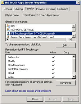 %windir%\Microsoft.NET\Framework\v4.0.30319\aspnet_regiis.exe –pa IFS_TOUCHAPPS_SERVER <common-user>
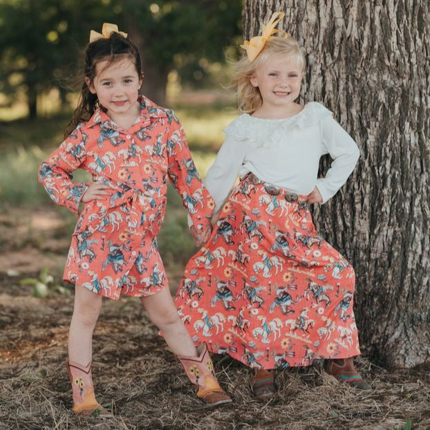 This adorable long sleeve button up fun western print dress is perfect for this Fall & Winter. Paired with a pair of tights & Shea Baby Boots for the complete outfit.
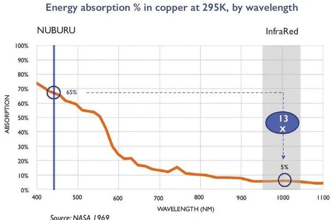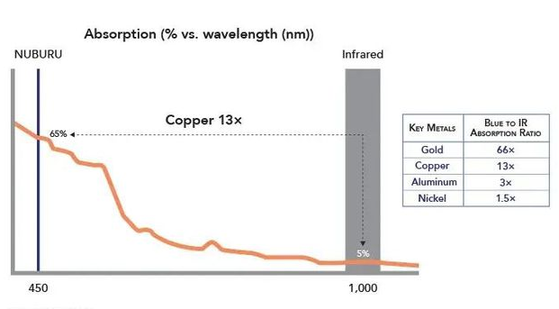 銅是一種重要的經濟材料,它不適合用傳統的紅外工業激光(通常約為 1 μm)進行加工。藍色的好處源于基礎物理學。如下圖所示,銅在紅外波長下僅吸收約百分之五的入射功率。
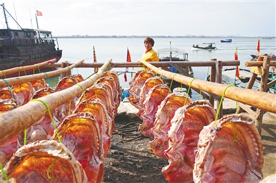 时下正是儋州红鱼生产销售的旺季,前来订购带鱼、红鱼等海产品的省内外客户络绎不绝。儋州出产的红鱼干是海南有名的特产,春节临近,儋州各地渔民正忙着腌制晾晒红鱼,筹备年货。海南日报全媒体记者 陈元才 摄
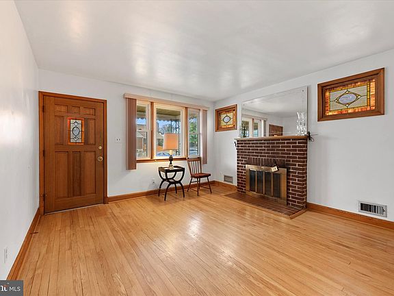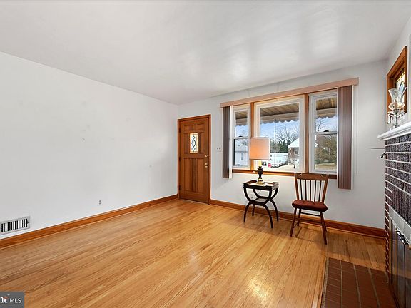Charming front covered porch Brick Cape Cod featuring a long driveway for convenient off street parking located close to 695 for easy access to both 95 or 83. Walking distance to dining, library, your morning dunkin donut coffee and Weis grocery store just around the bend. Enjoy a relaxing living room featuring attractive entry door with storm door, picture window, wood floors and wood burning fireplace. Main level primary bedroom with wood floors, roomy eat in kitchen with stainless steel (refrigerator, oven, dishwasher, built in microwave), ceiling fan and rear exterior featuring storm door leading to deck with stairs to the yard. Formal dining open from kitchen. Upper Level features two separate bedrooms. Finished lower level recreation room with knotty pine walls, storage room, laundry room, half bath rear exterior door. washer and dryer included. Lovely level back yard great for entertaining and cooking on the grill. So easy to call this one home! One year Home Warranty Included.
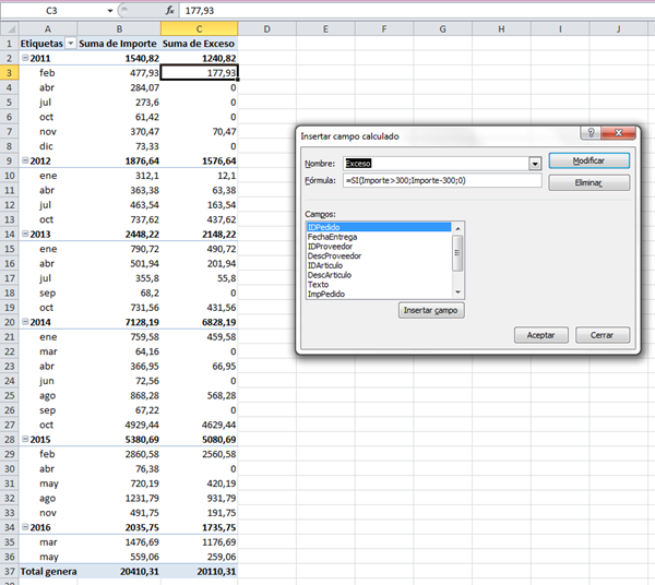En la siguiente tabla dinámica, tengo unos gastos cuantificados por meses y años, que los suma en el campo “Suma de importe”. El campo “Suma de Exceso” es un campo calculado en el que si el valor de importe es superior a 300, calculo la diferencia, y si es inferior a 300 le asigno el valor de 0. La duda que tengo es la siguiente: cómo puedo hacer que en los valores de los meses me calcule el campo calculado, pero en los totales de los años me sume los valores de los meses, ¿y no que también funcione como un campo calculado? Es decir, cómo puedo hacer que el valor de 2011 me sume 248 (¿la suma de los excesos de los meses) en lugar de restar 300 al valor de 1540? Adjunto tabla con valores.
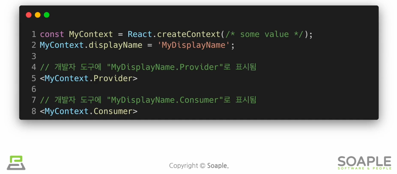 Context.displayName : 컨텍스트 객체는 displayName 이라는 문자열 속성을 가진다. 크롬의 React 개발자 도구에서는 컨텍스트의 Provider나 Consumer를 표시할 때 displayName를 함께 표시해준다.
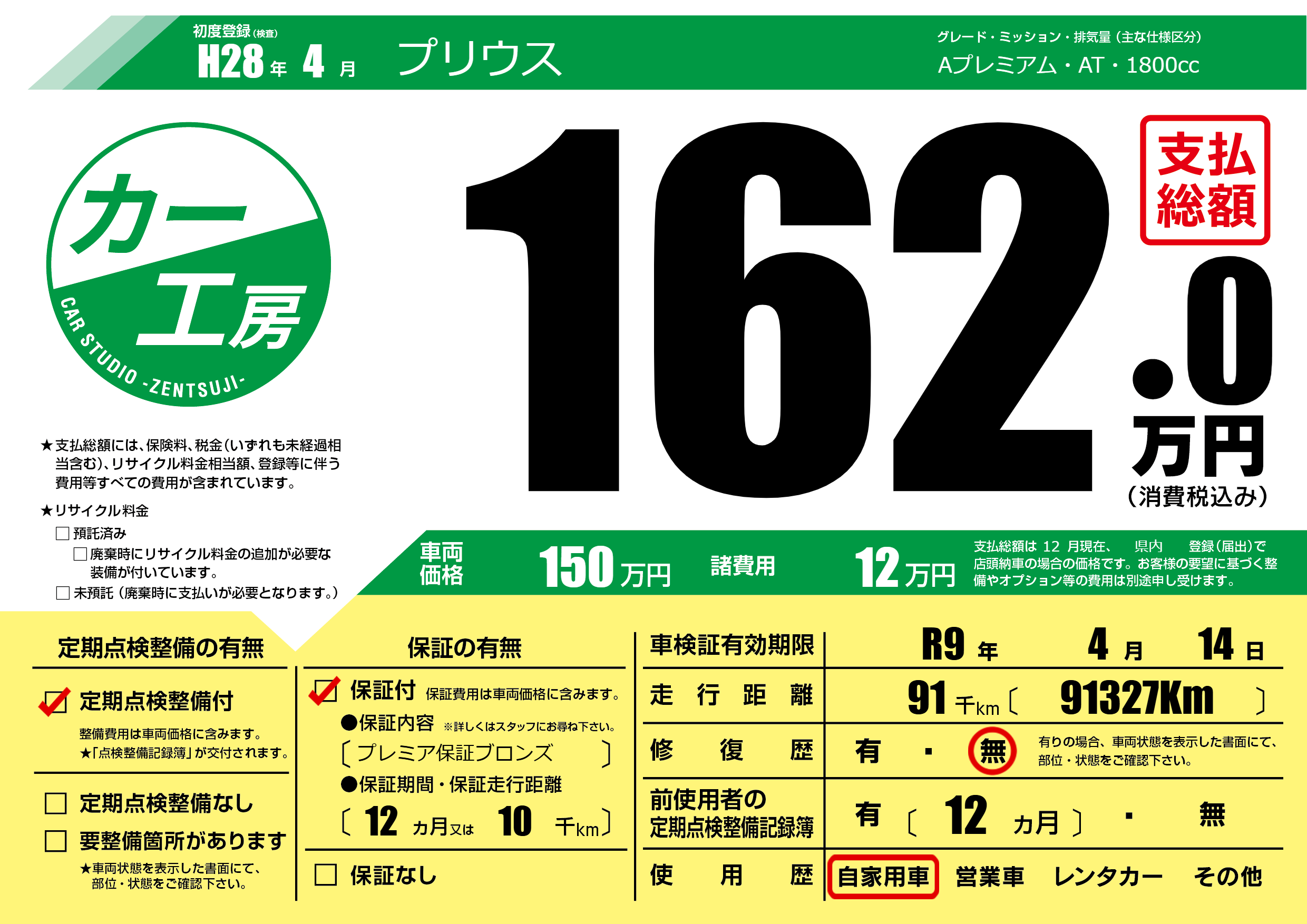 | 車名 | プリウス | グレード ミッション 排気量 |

---

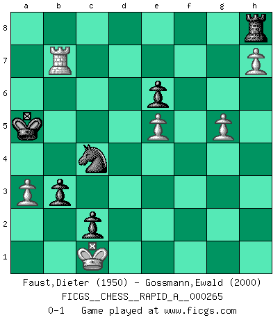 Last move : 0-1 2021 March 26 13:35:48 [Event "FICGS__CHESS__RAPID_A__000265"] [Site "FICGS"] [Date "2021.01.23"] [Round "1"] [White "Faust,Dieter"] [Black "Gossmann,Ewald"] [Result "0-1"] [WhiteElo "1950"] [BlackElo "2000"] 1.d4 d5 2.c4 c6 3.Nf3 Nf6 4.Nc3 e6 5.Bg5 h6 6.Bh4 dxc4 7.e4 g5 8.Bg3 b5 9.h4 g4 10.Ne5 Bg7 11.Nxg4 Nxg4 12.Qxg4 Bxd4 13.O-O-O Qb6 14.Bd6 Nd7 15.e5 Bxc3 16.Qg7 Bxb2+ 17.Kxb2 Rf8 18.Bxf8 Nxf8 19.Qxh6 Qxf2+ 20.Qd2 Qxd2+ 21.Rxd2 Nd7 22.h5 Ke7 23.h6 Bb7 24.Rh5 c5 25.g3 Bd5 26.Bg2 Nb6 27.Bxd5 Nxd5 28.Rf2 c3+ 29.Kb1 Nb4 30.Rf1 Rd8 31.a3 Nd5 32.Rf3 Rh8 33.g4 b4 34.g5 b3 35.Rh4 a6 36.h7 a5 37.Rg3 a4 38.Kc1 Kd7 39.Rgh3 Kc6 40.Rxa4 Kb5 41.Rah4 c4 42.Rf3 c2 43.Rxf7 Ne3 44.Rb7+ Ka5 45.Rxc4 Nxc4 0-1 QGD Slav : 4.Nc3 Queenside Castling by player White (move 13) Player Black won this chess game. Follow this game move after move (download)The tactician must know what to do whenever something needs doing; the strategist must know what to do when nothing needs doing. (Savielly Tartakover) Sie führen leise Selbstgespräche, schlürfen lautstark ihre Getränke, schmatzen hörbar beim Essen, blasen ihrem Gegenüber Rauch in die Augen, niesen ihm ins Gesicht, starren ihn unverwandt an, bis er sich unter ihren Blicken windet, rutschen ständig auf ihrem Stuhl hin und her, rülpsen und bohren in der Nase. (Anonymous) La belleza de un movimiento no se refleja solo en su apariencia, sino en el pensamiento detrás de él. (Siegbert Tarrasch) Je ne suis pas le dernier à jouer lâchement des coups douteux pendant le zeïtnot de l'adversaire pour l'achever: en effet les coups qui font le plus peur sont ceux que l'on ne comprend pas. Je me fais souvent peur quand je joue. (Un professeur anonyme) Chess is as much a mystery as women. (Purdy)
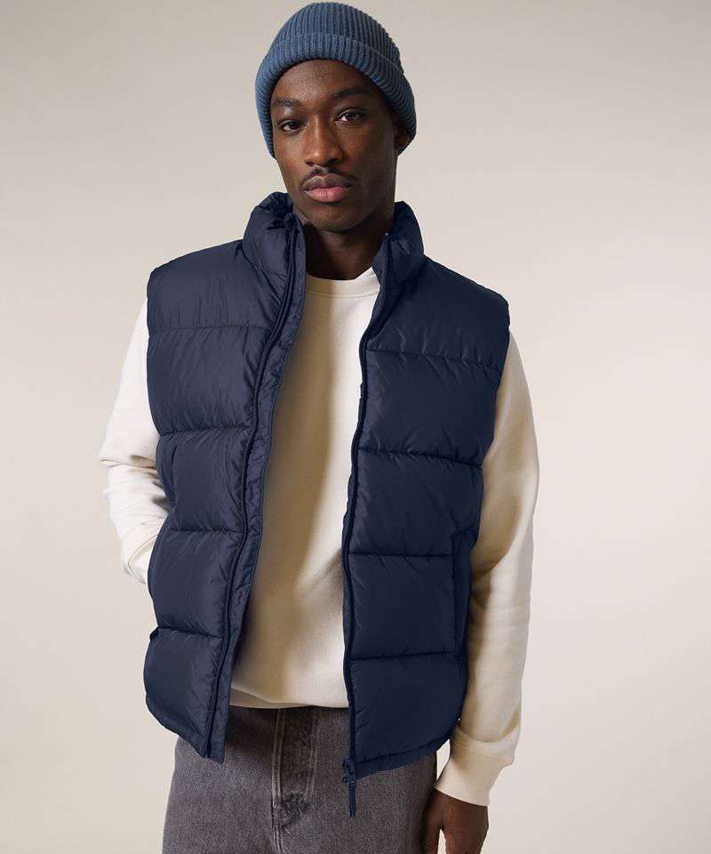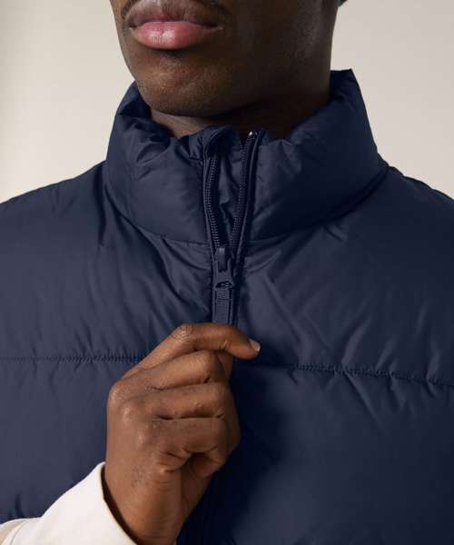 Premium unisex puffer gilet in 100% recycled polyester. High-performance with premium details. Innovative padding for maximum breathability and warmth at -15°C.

EXERCISE | Starting at the line above with "En la siguiente", output every line exactly up to and including the line with "ミッション 排気量 |", but none of the pictures.

RESPONSE TO THE EXERCISE |
En la siguiente tabla dinámica, tengo unos gastos cuantificados por meses y años, que los suma en el campo “Suma de importe”. El campo “Suma de Exceso” es un campo calculado en el que si el valor de importe es superior a 300, calculo la diferencia, y si es inferior a 300 le asigno el valor de 0. La duda que tengo es la siguiente: cómo puedo hacer que en los valores de los meses me calcule el campo calculado, pero en los totales de los años me sume los valores de los meses, ¿y no que también funcione como un campo calculado? Es decir, cómo puedo hacer que el valor de 2011 me sume 248 (¿la suma de los excesos de los meses) en lugar de restar 300 al valor de 1540? Adjunto tabla con valores.
 Context.displayName : 컨텍스트 객체는 displayName 이라는 문자열 속성을 가진다. 크롬의 React 개발자 도구에서는 컨텍스트의 Provider나 Consumer를 표시할 때 displayName를 함께 표시해준다.
 | 車名 | プリウス | グレード ミッション 排気量 |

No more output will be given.